We here used sequential window acquisition of all theoretical mass spectra (SWATH) acquisition as the DIA approach and compared to the traditional data-dependent acquisition (DDA) for validation. The first showcase of our MS2Dec deconvolution is a human plasma sample with hydrophilic interaction chromatography (Fig. 2 and Online Methods).
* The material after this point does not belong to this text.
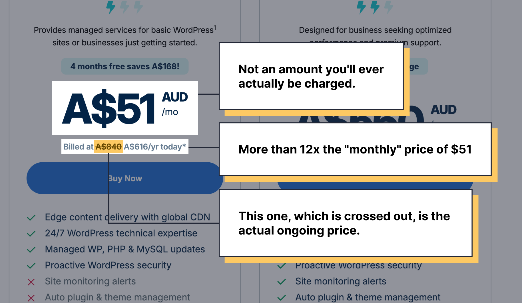 - Nothing in this pricing section mentions a one-off discount, or says what the monthly equivalent of $51 will go up to, or explains why the actual amount billed is more than 12 times the monthly amount. You have to work all of that out for yourself.

Two metabolites, metoclopramide and norcocaine, exhibited only 1.8 s difference in their elution-time (at 2.95 and 2.98 min, respectively) and fell within the same 25-Da window of the SWATH acquisition. While the unique MS and abundance of metoclopramide could be marginally confirmed in the raw MS/MS spectrum (similarity score 0.72), the spectrum of norcocaine was thoroughly masked under the peaks from metoclopramide (similarity score 0.48) if no mass spectral deconvolution was applied. In this study, the similarity score was calculated by dot-product scoring method (See Online Methods). The MS-DIAL program extracted the pure MS/MS spectrum of norcocaine (similarity score 0.80), although contamination of higher mass peaks (e.g. m/z 227) was not completely suppressed. The similarity score of metoclopramide was also improved to 0.86 by deconvolution. More examples for the other metabolites are available in Supplementary Fig. 1.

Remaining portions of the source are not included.